Luman raised his eyebrows in surprise. “Those things didn’t happen.”

Tarami shook his head sadly. “There was war in the streets. A great number of the people of Cahokia, and especially of the people of the land–peasants, farmers, slaves, ordinary people–refused to surrender their goddess. But in the compromise that the king forced on the serpent’s daughters, they agreed to tear down their veil and lay open their secrets. And even Kyres Elytharias, for all his wicked attempts to bring back the cult of so-called Wisdom, never re-veiled the serpent throne.”

Luman felt exhausted. “And your pilgrimage . . . you asked God to overthrow the serpent?”

Tarami turned a shocked face to him. “No! Understand me, I have prayed every day of my awakened life for the end of the serpent’s cult.
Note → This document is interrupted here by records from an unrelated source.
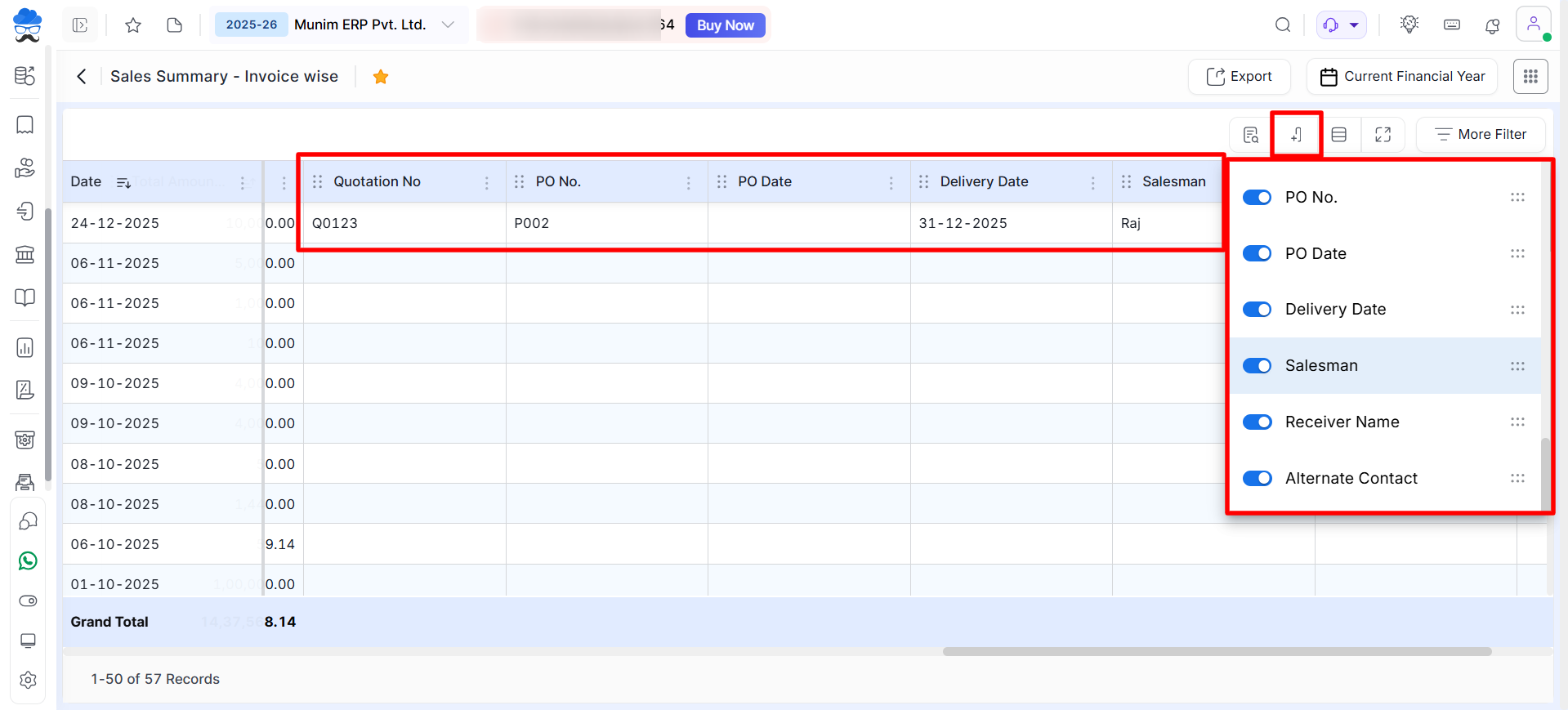 • Within the reports, users can enable or disable custom field columns to display them as required in each report.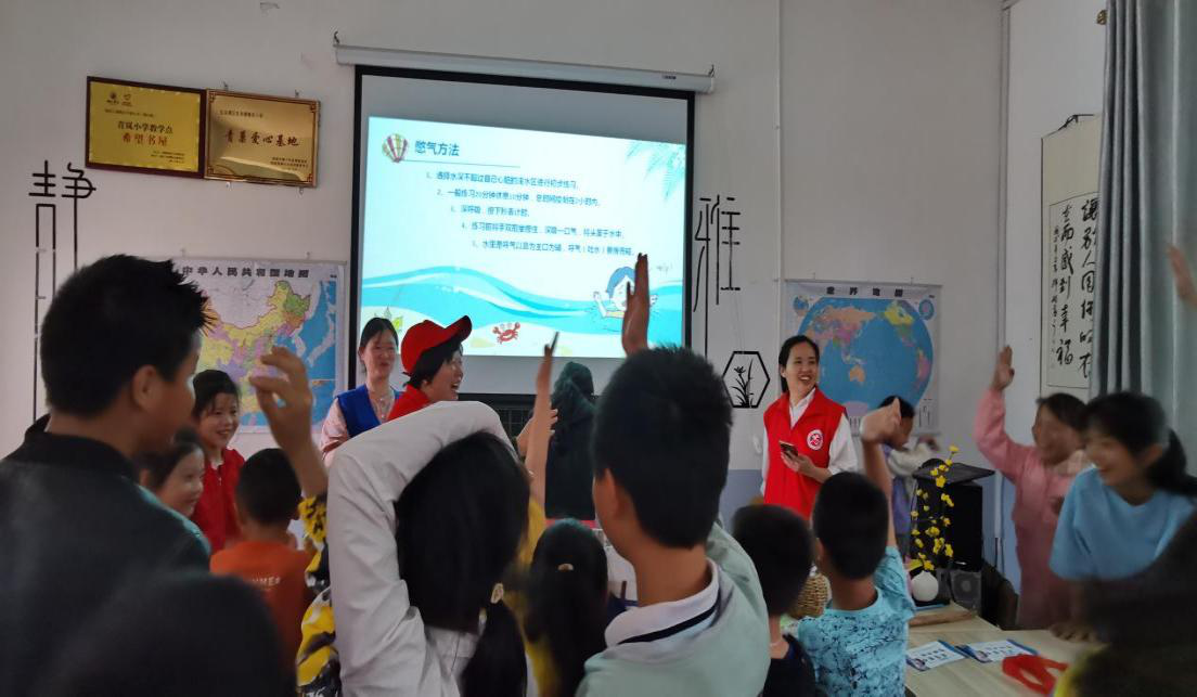 活动现场宣讲老师采用重点知识讲解、现场提问互动、打结演练,志愿者帮教、憋气PK、心肺复苏演练等形式帮助同学们学习防溺水和急救知识。同学们非常活泼,回答问题积极举手发言,刚开始的时候有部分小朋友较内向,慢热,经过几轮的互动之后也被带动起来,勇敢的参与到活动中来。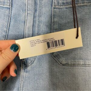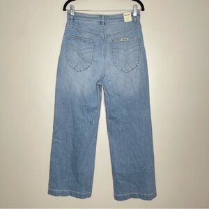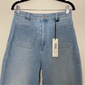 New with tags size 31 high rise stretch cotton light wash patch pocket ankle sailor wide leg jeans. Waist measures 14” across, rise is 13.25” and inseam is 28.5”

I have done that since I first learned to pray, as a child rescued from the slavery of the goddess by the learned Metropolitan Father Ahijah, and of course on my pilgrimage I continued to remember the blight that scars my land.

“But I did not crawl the Onandagos Road to fight against the serpent. I begged God at every step to raise the Pacification of the Ohio. I undertook the pilgrimage to beg for peace with the Emperor Thomas Penn.” Tears trickled down the old man’s cheeks.

“Of course, forgive me. I was so caught up in your tale of apostasy and restoration, I simply forgot.” Luman hesitated. “I don’t wish to sound impertinent, but . . . did it ever occur to you that maybe Father Ahijah, or whoever was Metropolitan before him . . . ?”

“Yes?” Tarami asked.

Luman struggled to find a way to articulate his doubt without offending the priest. “No one had ever heard of The Law of the Way. No living person, I mean. And then, who should find it but priests, who use the book to push a platform of change.”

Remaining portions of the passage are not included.